Most dugouts are made from wood. Some are plastic. A few are resin. They all have the same problem: they're not built to last, and they're not built to be precise.
Wood swells. It absorbs moisture and odor. It cracks along the grain. The lid never quite fits the same way twice. And no matter how nice it looks on day one, a wooden dugout in your pocket for six months is a different object than the one you bought.
Plastic is cheap but it feels cheap. Resin looks nice in photos but it's brittle under real use. Neither one can be machined to tight tolerances, which means the fit is always loose — and loose means rattle, leak, and smell.
Aluminum solves all of it.
6061-T6 is the same alloy used in aircraft frames, bicycle components, and camera housings. It's strong, lightweight, and corrosion-resistant. It doesn't absorb odor. It doesn't swell or shrink. And because it's a metal, it can be machined to tolerances that wood and plastic simply can't achieve.
That precision is what makes The Lil' Duggie work. The lid seats against the body with virtually no gap. The pipe fits its channel exactly. Nothing moves unless you want it to. That's not something you can get from a material that changes shape with the weather.
After machining, every Lil' Duggie is fine bead blasted to create a uniform matte surface, then Type II anodized. Anodizing isn't paint — it's an electrochemical process that converts the surface of the aluminum into a layer of aluminum oxide. That layer is harder than the base metal, resistant to scratching and wear, and it locks in the color permanently. It won't chip, peel, or fade.
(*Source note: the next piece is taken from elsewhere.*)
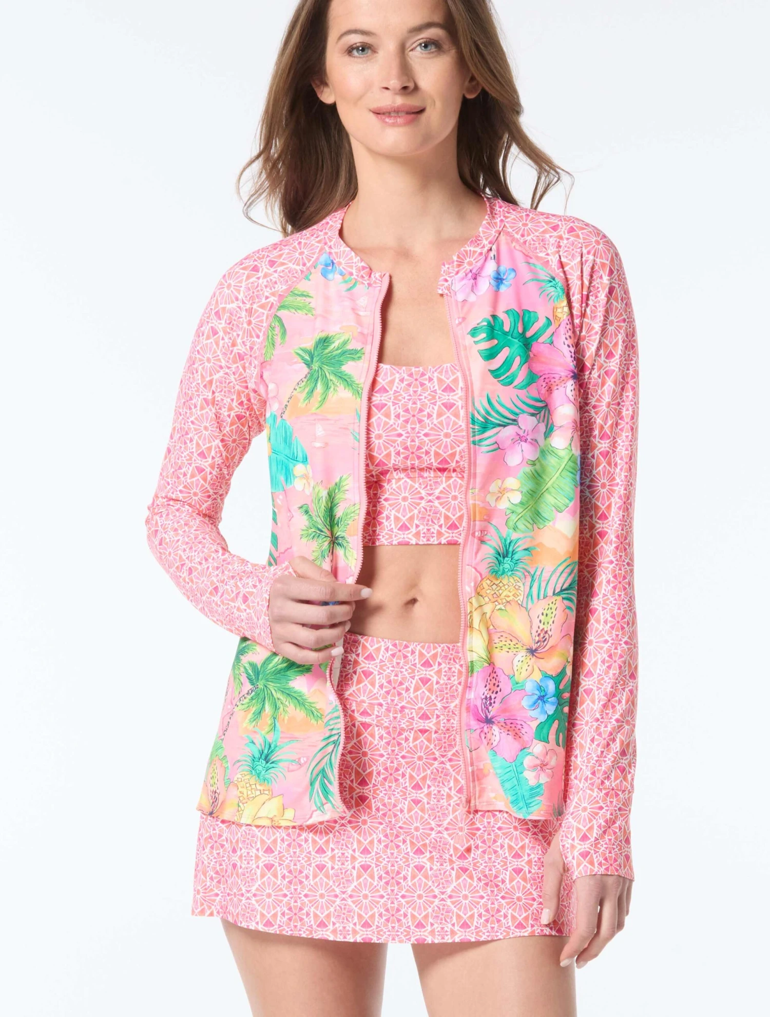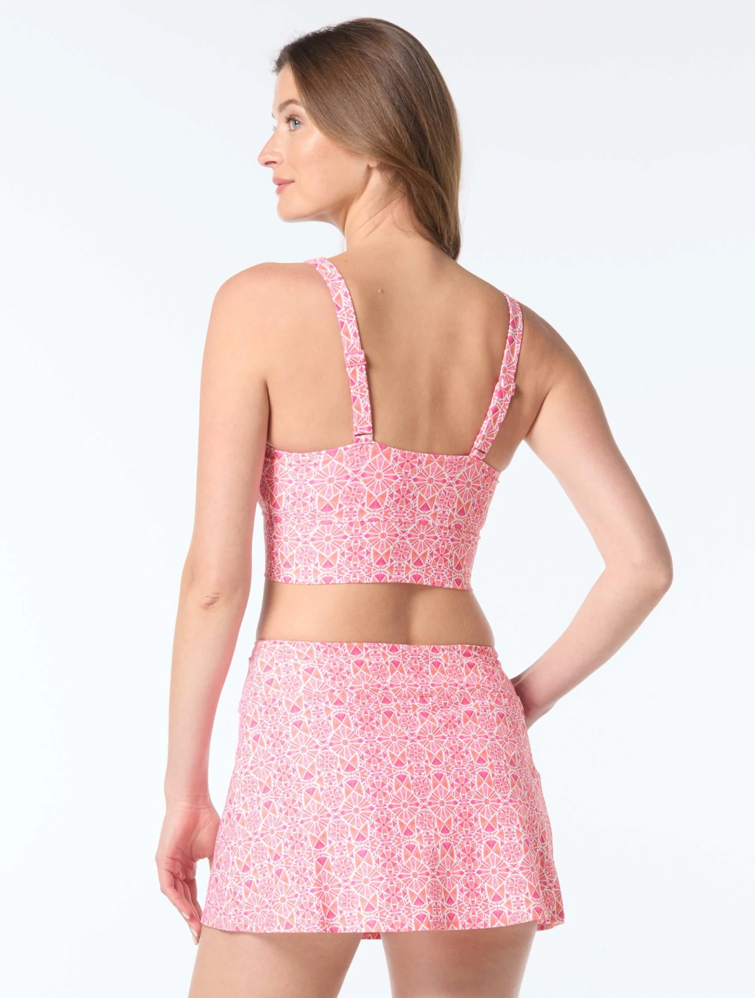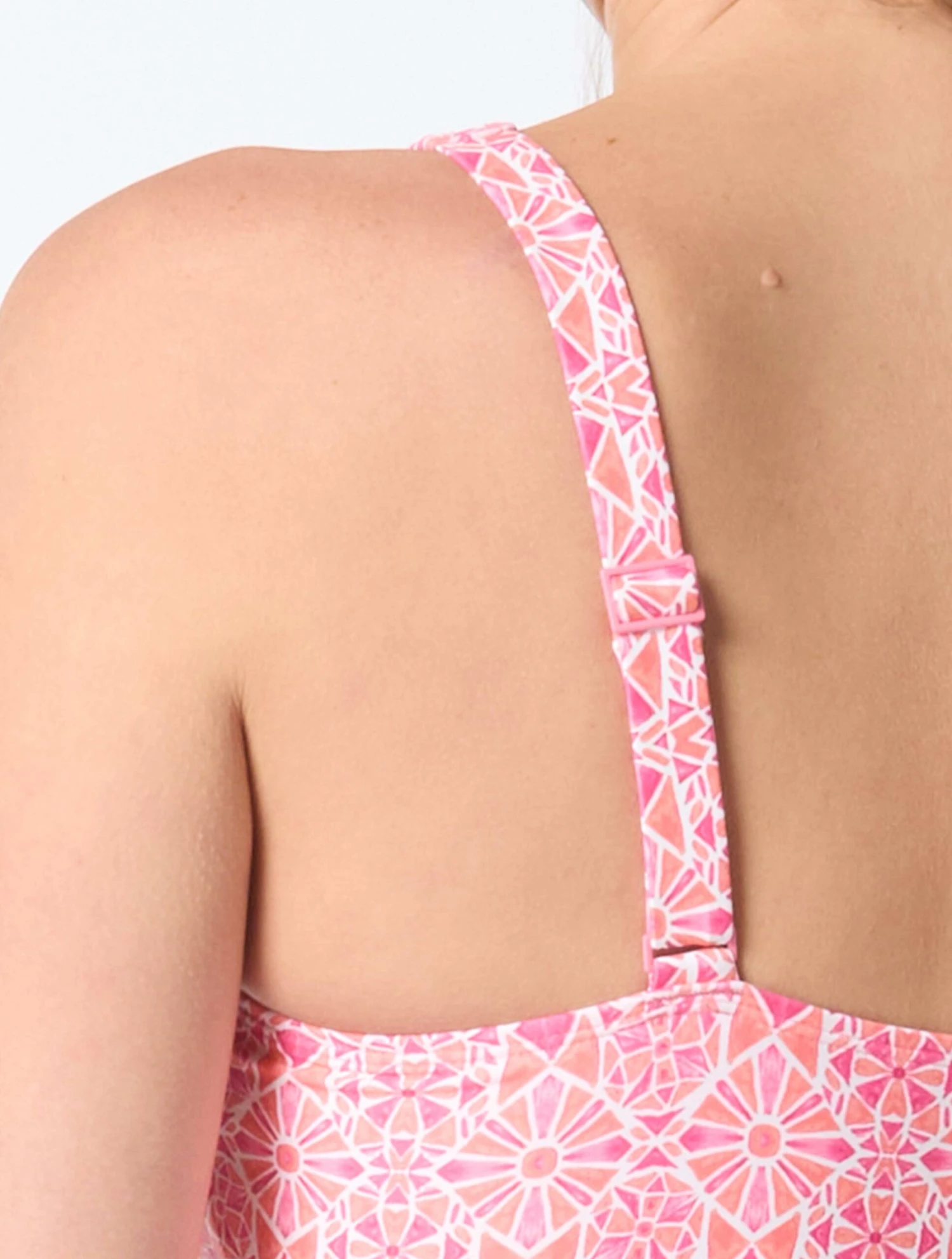 For a sleek and sporty style, this underwire bikini top is perfect as a swim or active option. Adjustable straps provide comfort and support. Pair it with bikini bottoms for the beach or swim skirt and rash guard for pickleball. An allover abstract tropical inspired print is flirty and feminine.

The result is a product that gets better with age. Aluminum develops character over time — small marks and wear patterns that make it yours. Like a quality leather wallet or a well-used pocketknife, it doesn't degrade. It just becomes more personal.
That's why we chose aluminum. Not because it's trendy or expensive. Because it's the right material for an object you're going to carry every day, for years.